* _Task goal_
Retype the material below exactly, from its first line through the line with "This large open"; the pictures stay out.

* _Extracted data_
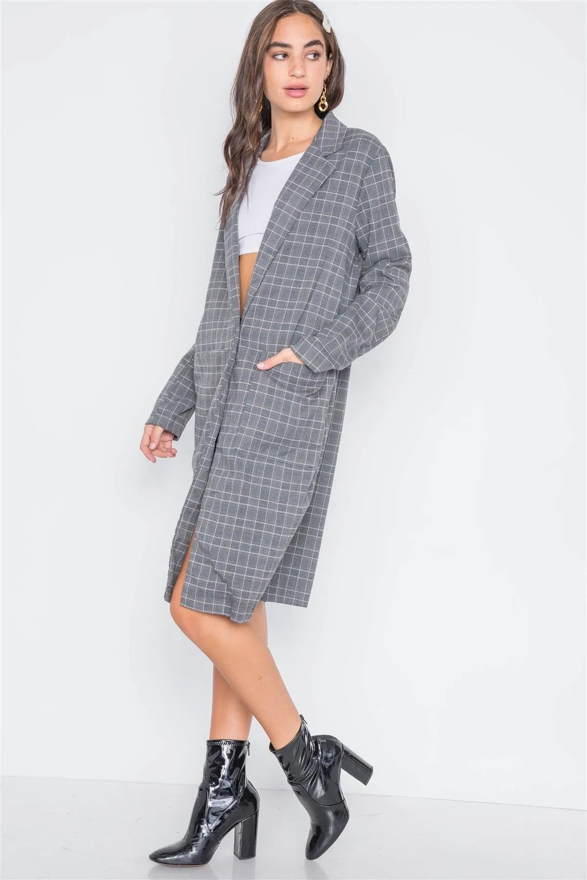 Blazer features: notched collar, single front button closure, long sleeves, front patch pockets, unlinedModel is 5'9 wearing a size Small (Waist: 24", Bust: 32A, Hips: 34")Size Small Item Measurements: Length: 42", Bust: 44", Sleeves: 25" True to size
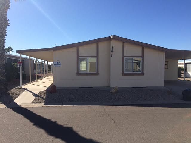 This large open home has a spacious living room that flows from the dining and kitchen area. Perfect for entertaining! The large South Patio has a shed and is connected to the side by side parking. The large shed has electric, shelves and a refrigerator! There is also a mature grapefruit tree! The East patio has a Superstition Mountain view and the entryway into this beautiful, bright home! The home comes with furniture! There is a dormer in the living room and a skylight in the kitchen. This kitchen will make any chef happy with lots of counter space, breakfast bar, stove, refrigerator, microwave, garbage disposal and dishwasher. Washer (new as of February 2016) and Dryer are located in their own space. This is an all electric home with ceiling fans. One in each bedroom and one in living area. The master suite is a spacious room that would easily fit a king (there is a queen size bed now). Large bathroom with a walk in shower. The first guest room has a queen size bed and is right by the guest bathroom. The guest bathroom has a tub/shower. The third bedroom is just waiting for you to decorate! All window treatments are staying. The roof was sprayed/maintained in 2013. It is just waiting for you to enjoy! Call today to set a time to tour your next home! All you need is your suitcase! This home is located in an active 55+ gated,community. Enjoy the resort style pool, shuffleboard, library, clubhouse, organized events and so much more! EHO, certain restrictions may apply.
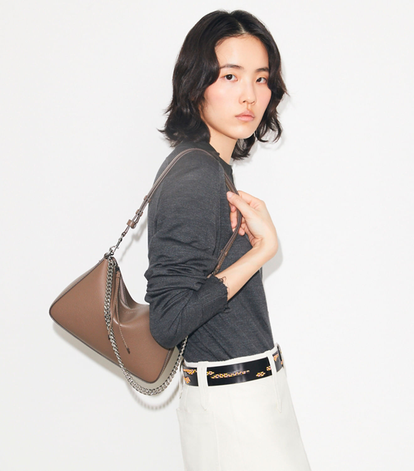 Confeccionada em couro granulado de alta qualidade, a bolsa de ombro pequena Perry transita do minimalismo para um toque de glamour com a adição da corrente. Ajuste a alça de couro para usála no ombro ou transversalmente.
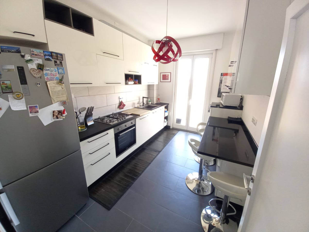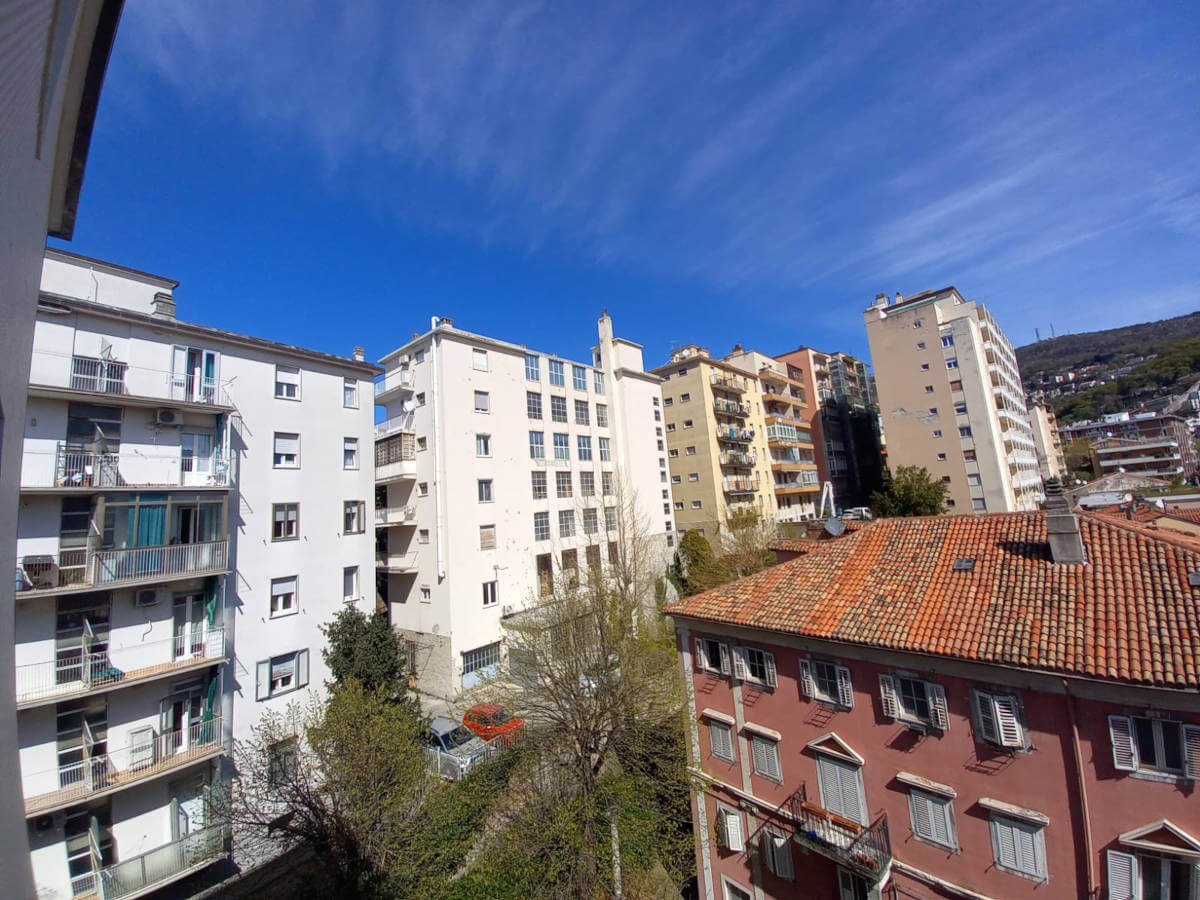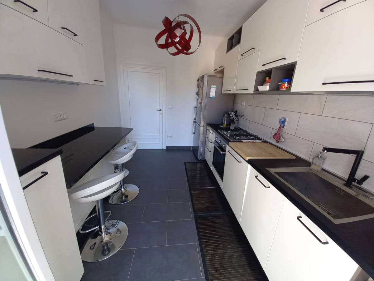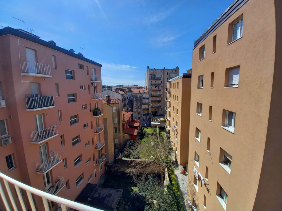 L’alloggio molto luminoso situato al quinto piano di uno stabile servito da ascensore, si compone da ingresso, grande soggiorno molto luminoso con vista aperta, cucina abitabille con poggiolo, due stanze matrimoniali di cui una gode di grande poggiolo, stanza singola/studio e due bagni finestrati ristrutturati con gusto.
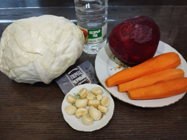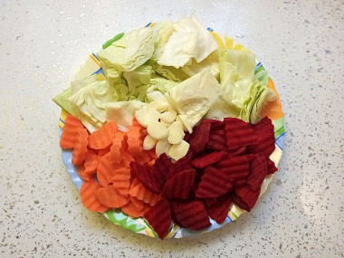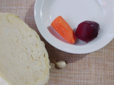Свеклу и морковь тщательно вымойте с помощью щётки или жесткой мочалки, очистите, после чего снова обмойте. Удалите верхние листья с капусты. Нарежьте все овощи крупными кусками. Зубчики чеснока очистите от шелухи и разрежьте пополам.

* _Your solution_
 Blazer features: notched collar, single front button closure, long sleeves, front patch pockets, unlinedModel is 5'9 wearing a size Small (Waist: 24", Bust: 32A, Hips: 34")Size Small Item Measurements: Length: 42", Bust: 44", Sleeves: 25" True to size
 This large open home has a spacious living room that flows from the dining and kitchen area. Perfect for entertaining! The large South Patio has a shed and is connected to the side by side parking. The large shed has electric, shelves and a refrigerator! There is also a mature grapefruit tree! The East patio has a Superstition Mountain view and the entryway into this beautiful, bright home! The home comes with furniture! There is a dormer in the living room and a skylight in the kitchen. This kitchen will make any chef happy with lots of counter space, breakfast bar, stove, refrigerator, microwave, garbage disposal and dishwasher. Washer (new as of February 2016) and Dryer are located in their own space. This is an all electric home with ceiling fans. One in each bedroom and one in living area. The master suite is a spacious room that would easily fit a king (there is a queen size bed now). Large bathroom with a walk in shower. The first guest room has a queen size bed and is right by the guest bathroom. The guest bathroom has a tub/shower. The third bedroom is just waiting for you to decorate! All window treatments are staying. The roof was sprayed/maintained in 2013. It is just waiting for you to enjoy! Call today to set a time to tour your next home! All you need is your suitcase! This home is located in an active 55+ gated,community. Enjoy the resort style pool, shuffleboard, library, clubhouse, organized events and so much more! EHO, certain restrictions may apply.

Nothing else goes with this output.